Precious metals continued their declines on Wednesday as the U.S. dollar gained and crude-oil dropped by more than 5 percent — its lowest level since January 2007. New York silver, gold and platinum futures fell 3.3 percent, 2.0 percent and 0.2 percent respectively.
December crude-oil faired worse than Tuesday, sinking $3.17, or 5.3 percent, to close to $56.16 a barrel. The contract reached as low as $55.83.
December silver added to Tuesday’s 41.5 cents loss, falling another 32.5 cents to end at $9.48 an ounce.
January platinum fell marginally, slipping $1.50 to settle at $825.10 an ounce.
Gold for December lost $14.50 to close to $718.30 an ounce. Its intraday low was $711.50, a level not seen since October 27.
"The big deflation is on," said Ron Goodis, a futures-trading director at Equidex Brokerage Group in Closter, New Jersey. "It’s risk aversion. The trend is still in place: Long the dollar and short all commodities."
"People are attracted to cash," said Frank Lesh, a trader at FuturePath Trading LLC in Chicago. "People do not want risk. They don’t want commodities. I can’t say the bottom’s in for gold yet."
The U.S. Energy Information Administration (EIA) downgraded its outlook on energy demand and prices on Wednesday, citing the global economic downturn. It forecasts an average crude price of $101.45 a barrel for this year and $63.50 for 2009.

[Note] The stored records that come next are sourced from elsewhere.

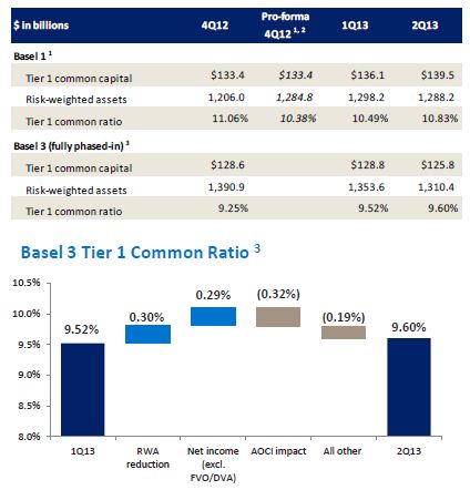 Het afgelopen kwartaal heeft Bank of America haar kapitaalpositie weten te verbeteren. Haar tier 1 kapitaal kwam uit op $125,8 miljard met als gevolg dat haar Basel 3 kapitaalratio steeg van 9,52% in het eerste kwartaal van dit jaar naar 9,6% in het tweede kwartaal.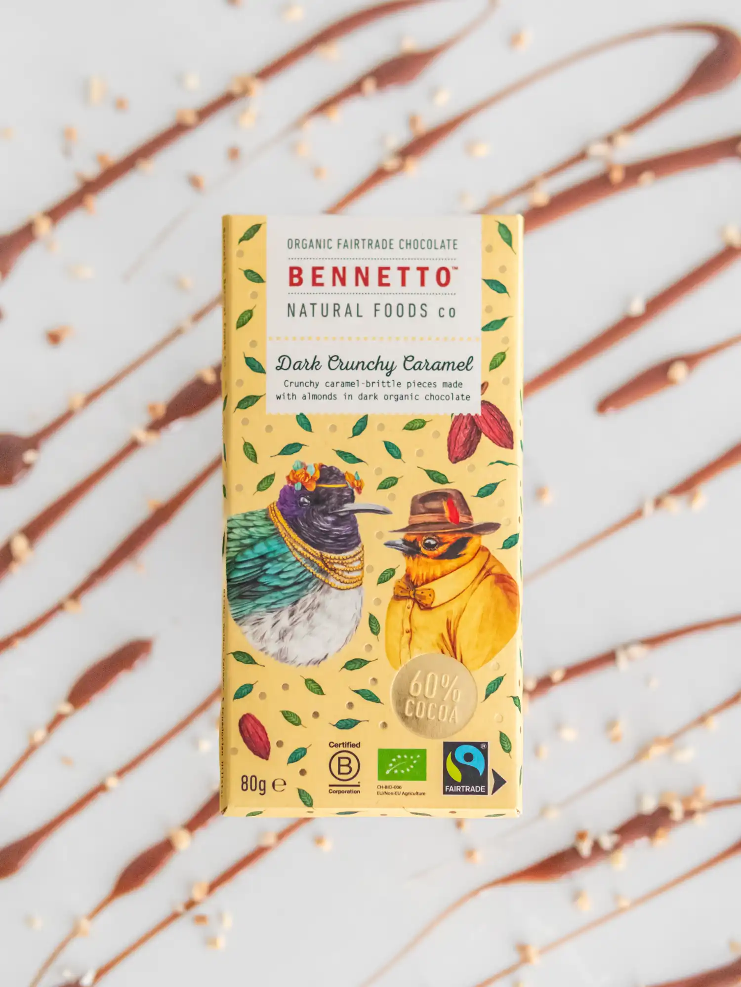 Bennetto needed creative assets for their chocolate bars. I shot the packaging for brand recognition and took detailed close-ups of the cross-sections. These texture shots help customers imagine the crunch and quality of the chocolate before they buy it.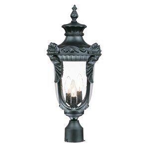 Manufacturer: Acclaim Lighting Style: Traditional Type: Post Lanterns, Size: Large Finish: Matte Black Glass: Clear Seeded Light Bulb: (3)60w B10 Cand C Incand Description: Baton Rouge post lantern head. Note: Post sold separately.

Gold, considered a hedge during times of high inflation and economic uncertainty, tends to follow oil and move opposite to the U.S. dollar. A rising greenback makes dollar-denominated commodities, like bullion, more expensive for holders of other world currencies. When prices are falling and economic activities are shrinking, gold prices tend to move lower.